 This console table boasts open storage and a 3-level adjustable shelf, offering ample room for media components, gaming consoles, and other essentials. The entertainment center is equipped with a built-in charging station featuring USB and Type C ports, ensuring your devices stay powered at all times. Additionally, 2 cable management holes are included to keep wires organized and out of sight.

────

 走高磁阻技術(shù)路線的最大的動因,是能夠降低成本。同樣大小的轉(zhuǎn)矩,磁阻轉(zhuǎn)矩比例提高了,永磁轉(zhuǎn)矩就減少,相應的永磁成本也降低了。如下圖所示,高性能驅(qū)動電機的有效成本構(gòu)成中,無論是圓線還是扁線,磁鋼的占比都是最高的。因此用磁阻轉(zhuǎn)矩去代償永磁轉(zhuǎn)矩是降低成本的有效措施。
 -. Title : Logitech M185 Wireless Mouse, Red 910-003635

────

Would you print exactly and only the lines of the material above that run from the line with "走高磁阻技術(shù)路線的" through the line with "-. Title : Logitech", both included?

 走高磁阻技術(shù)路線的最大的動因,是能夠降低成本。同樣大小的轉(zhuǎn)矩,磁阻轉(zhuǎn)矩比例提高了,永磁轉(zhuǎn)矩就減少,相應的永磁成本也降低了。如下圖所示,高性能驅(qū)動電機的有效成本構(gòu)成中,無論是圓線還是扁線,磁鋼的占比都是最高的。因此用磁阻轉(zhuǎn)矩去代償永磁轉(zhuǎn)矩是降低成本的有效措施。
 -. Title : Logitech M185 Wireless Mouse, Red 910-003635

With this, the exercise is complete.